Here is the task for the records below: repeat exactly the lines from the one with "Anthropologie Yoana Baraschi" to the one with "ZAŁĄCZNIK Nr 4", both included, and nothing else.

Extracted records:
----
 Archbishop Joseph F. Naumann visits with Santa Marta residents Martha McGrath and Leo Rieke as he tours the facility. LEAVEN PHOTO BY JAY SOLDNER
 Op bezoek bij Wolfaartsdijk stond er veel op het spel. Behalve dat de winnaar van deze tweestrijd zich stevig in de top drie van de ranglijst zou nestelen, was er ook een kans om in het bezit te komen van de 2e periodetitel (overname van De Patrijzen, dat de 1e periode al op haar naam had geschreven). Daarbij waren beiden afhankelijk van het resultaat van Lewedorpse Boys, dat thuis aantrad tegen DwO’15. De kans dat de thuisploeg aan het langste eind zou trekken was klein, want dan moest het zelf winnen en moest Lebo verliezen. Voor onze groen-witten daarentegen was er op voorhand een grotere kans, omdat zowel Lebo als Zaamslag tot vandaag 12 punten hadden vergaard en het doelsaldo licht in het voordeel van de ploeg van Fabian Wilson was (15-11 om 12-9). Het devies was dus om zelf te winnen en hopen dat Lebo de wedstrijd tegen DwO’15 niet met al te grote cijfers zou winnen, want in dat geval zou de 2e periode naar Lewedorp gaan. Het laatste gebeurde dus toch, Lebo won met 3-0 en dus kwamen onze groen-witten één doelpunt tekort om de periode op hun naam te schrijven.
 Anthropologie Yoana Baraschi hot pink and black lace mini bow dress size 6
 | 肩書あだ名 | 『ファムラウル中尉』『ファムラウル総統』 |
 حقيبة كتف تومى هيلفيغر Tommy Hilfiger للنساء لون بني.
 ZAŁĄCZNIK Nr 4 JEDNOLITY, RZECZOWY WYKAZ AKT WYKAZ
----
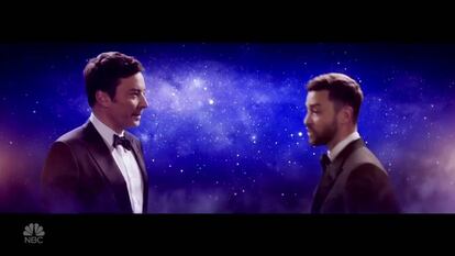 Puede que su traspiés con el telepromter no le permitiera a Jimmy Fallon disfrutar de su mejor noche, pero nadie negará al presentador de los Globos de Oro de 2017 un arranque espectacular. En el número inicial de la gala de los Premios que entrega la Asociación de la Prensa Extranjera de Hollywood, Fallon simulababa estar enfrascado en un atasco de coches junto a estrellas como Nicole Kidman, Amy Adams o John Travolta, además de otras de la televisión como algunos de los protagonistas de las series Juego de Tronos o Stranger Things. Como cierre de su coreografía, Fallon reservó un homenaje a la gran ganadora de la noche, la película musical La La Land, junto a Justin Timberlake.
----
Solution to this exercise:
 Anthropologie Yoana Baraschi hot pink and black lace mini bow dress size 6
 | 肩書あだ名 | 『ファムラウル中尉』『ファムラウル総統』 |
 حقيبة كتف تومى هيلفيغر Tommy Hilfiger للنساء لون بني.
 ZAŁĄCZNIK Nr 4 JEDNOLITY, RZECZOWY WYKAZ AKT WYKAZ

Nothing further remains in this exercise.